### Exercise
Only the pictures are to be left out; return the rest of the data exactly as it stands.

### The data
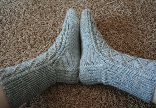 Neulo toinen sukka samoin, halutessasi voit toisessa sukassa tehdä palmikonkierron peilikuvaksi. Mallisukissa palmikonkierrot ovat molemmissa sukissa samanlaiset.
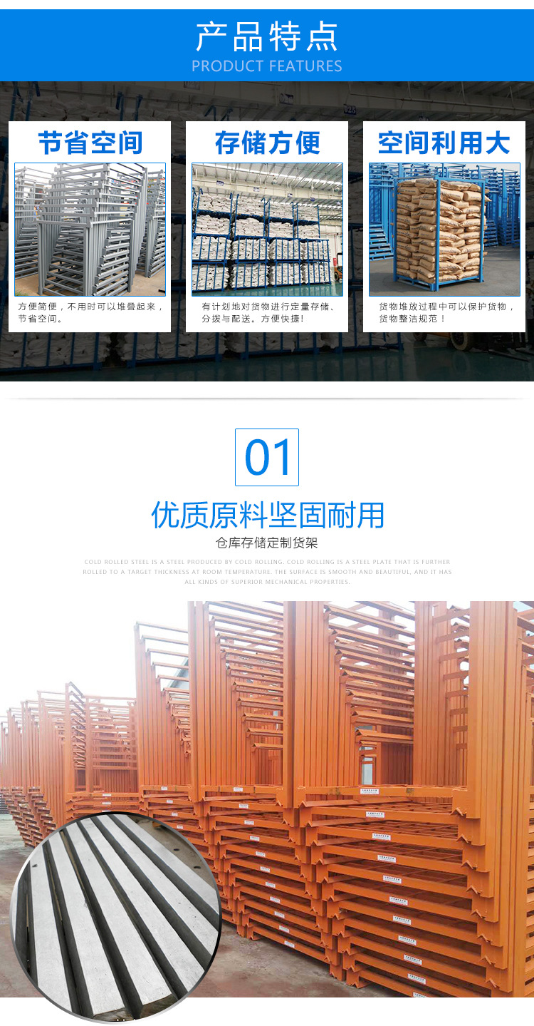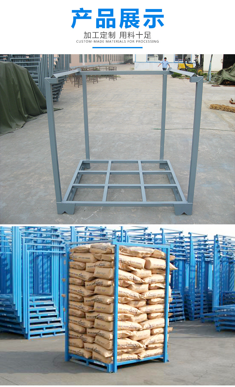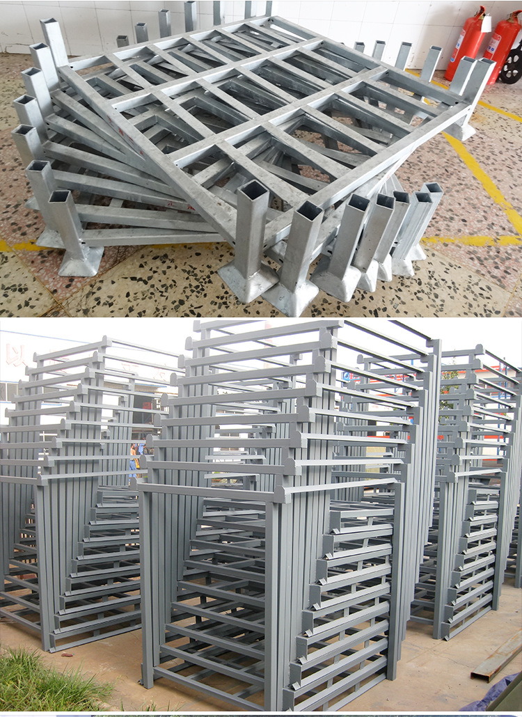 堆垛架,可相互堆3到4层,形成立体存储模式,无需借助货架、仓储笼和托盘等设备,适合用在租赁仓库、低矮的老式仓库或车间暂存区等不适合投资
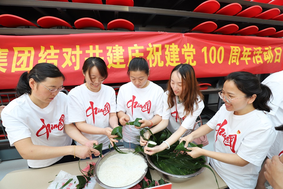 活動為展示項目風采的優(yōu)秀攝影、先進臨時黨支部、黨員示范崗進行頒獎,并觀看《厲害了,我的國》經(jīng)典片段;全體黨員重溫入黨誓詞,高舉右手莊嚴宣誓;籃球友誼賽活動現(xiàn)場,球員們團結(jié)協(xié)作,奮勇拼搏;包粽子比賽活動現(xiàn)場,大家歡聲笑語,其樂融融。
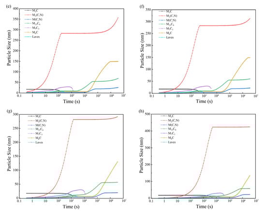 Carbide dimensions of Fe—3.0, Cr—0.3, Mn—7.0, Mo—0.4, Ni—0.3, Si—7.0, and V—2.0 high-speed steel at different tempering temperatures: (a) 770 °C; (b) 740 °C; (c) 710 °C; (d) 680 °C; (e) 650 °C; (f) 620 °C; (g) 590 °C; (h) 560 °C.

### Problem solution
 Neulo toinen sukka samoin, halutessasi voit toisessa sukassa tehdä palmikonkierron peilikuvaksi. Mallisukissa palmikonkierrot ovat molemmissa sukissa samanlaiset.
 堆垛架,可相互堆3到4层,形成立体存储模式,无需借助货架、仓储笼和托盘等设备,适合用在租赁仓库、低矮的老式仓库或车间暂存区等不适合投资
 活動為展示項目風采的優(yōu)秀攝影、先進臨時黨支部、黨員示范崗進行頒獎,并觀看《厲害了,我的國》經(jīng)典片段;全體黨員重溫入黨誓詞,高舉右手莊嚴宣誓;籃球友誼賽活動現(xiàn)場,球員們團結(jié)協(xié)作,奮勇拼搏;包粽子比賽活動現(xiàn)場,大家歡聲笑語,其樂融融。
 Carbide dimensions of Fe—3.0, Cr—0.3, Mn—7.0, Mo—0.4, Ni—0.3, Si—7.0, and V—2.0 high-speed steel at different tempering temperatures: (a) 770 °C; (b) 740 °C; (c) 710 °C; (d) 680 °C; (e) 650 °C; (f) 620 °C; (g) 590 °C; (h) 560 °C.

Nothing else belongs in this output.